This is the definition for body score 4 for those of you who do not know or use the 0-5 scale...
Body score 4 = Moderately Thin: Neck, withers and shoulders are not obviously thin. Ribs are faintly discernible. Point of hips and buttocks are not visually discernible. Fat can be felt around the tailhead, prominence somewhat dependent upon conformation. There is a slight negative crease (a ridge) along the topline, especially over the loins and hindquarters.


The AM feeding goes 
1lb 8oz of strategy
2 small flakes of local grass hay (this is split as he is stalled with a mare)

The PM feeding goes 
1lb 8 oz of strategy
2 oz weight builder farnam brand (weight)
1 enclosed scoop of super 14 (skin and coat)
1 oz cocosoya oil (skin and coat, weight)
2 flakes of local grass hay (same as above)

I try to also keep hay in with these two as much as I can since he has a ulcer and am trying to reduce the acid in his stomach, so he gets all they hay he can eat, my mare has no complaints either since she gets fat on air...

Before anyone says it, the mare can not eat his feed, she eats hers and then is tied up while he eats his feed (he is an extremely slow eater)

He has been on strategy now for around 2 weeks and is just finishing being switched over from omolene 200 (this will be 100% switched tomorrow).
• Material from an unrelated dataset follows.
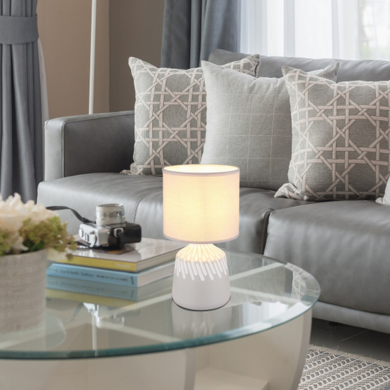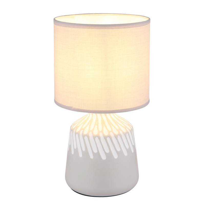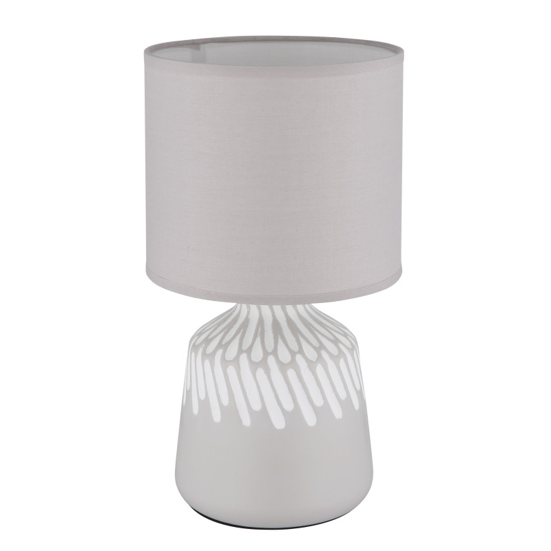 Stolové svietidlo RELA spája nadčasovú eleganciu s moderným dizajnom a bez problémov zapadne do každého obytného prostredia. Vďaka svojej okrúhlej základni, zvýraznenej jemnou dekoráciou a valcovému látkovému tienidlu z textilu popolavej farby vyžaruje lampa jemnú sofistikovanosť.

The amount of strategy will be increased also when we put him back into training and may be increased before then if I do not see anymore weight going onto him (I took him out of training temporarily so we could get his health issues worked out and maybe a better feeding program established for him, all he does is run around the pasture in the day and sleep in the barn at night).
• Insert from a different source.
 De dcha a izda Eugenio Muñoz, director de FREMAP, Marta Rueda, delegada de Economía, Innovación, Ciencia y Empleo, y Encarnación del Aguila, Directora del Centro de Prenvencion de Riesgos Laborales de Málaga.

I will try to post a picture of him tomorrow that is taken tomorrow so everyone can see him and tell me what bpdy score condition they think he is in.


----------



## Peggysue (Mar 29, 2008)

If you have a horse with Ulcers NIETHER of theses feeds are a good choice becuase they are GRAIN based grain irratates and can cause ULCERS!!! 

Look at the http://www.tizwhizfeeds.com/products/thirtyplus.shtml then add beet pulp,alfafla pellets/cubes or rice bran to the harder keepers ... 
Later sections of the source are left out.